The pace of efforts at the Geneva-based trade body have been outstripped by the speed of the spread of the pandemic. The World Health Organization across town said earlier Wednesday that weekly case counts have been at record highs in the last two weeks.
Rockwell said a WTO panel on intellectual property was set to take up the waiver proposal again at a “tentative” meeting later this month, before a formal meeting on June 8-9.
No consensus -- which is required under WTO rules -- was expected to emerge from the ambassadors’ two-day meeting on Wednesday and Thursday. But Rockwell pointed to a change in tone after months of wrangling.
“I would say that the discussion was far more constructive, pragmatic. It was less emotive and less finger pointing than it had been in the past,” Rockwell said, citing a surge in cases in places like India. “I think that this feeling of everyone-being-in-it- together was being expressed in a way that I had not heard to this point.”

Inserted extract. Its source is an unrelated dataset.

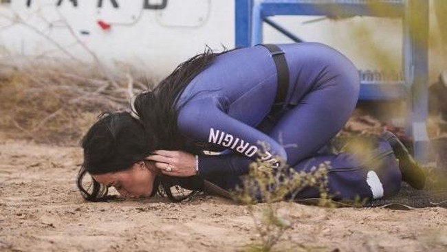 Penyanyi Amerika Serikat, Katy Perry, mencium tanah ketika berhasil mendarat dengan selamat di Bumi usai perjalanannya ke luar angkasa bersama Blue Origin dengan roket New Shepard pada Senin (14/4/2025) pagi waktu setempat. Perjalanan luar angkasa itu sendiri hanya

Authors of the proposal, which has faced resistance from many countries with influential pharmaceutical and biotech industries, have been revising it in hopes of making it more palatable.

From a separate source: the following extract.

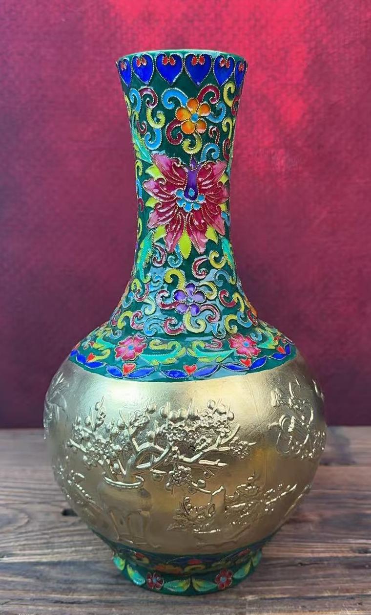 清乾隆掐丝珐琅描金浮雕花卉纹长颈瓶

Okonjo-Iweala, in her remarks posted on the WTO Web site, said it was “incumbent on us to move quickly to put the revised text on the table, but also to begin and undertake text-based negotiations.”
“I am firmly convinced that once we can sit down with an actual text in front of us, we shall find a pragmatic way forward,” that is “acceptable to all sides,” she said.
Co-sponsors of the idea were shuttling between different diplomatic missions to make their case, according to a Geneva trade official who was not authorized to speak publicly on the matter. A deadlock persists, and opposing sides remain far apart, the official said.
Some proponents saw more hope for the proposal after Biden’s top envoy on trade, Katherine Tai, said last month that gaping inequities in access to COVID-19 vaccines between developed and developing countries were “completely unacceptable,” and that mistakes made in the global response to the HIV pandemic mustn’t be repeated.
The argument, part of a long-running debate about intellectual property protections, centers on lifting patents, copyrights, and protections for industrial design and confidential information to help expand the production and deployment of vaccines during supply shortages. The aim is to suspend the rules for several years, just long enough to beat down the pandemic.
The issue has become more pressing with a surge in cases in India, the world’s second-most populous country and a key producer of vaccines — including one for COVID-19 that relies on technology from Oxford University and British-Swedish pharmaceutical maker AstraZeneca.
Proponents, including WHO Director-General Tedros Adhanom Ghebreyesus, note that such waivers are part of the WTO toolbox and insist there’s no better time to use them than during the once-in-a-century pandemic that has taken 3.2 million lives, infected more than 437 million people and devastated economies.
More than 100 countries have come out in support of the proposal, and a group of 110 members of Congress — all fellow Democrats of Biden — sent him a letter last month that called on him to support the waiver.
Opponents say a waiver would be no panacea. They insist that production of coronavirus vaccines is complex and simply can’t be ramped up by easing intellectual property, and say lifting protections could hurt future innovation.
Jonathan Lemire contributed to this report from New York.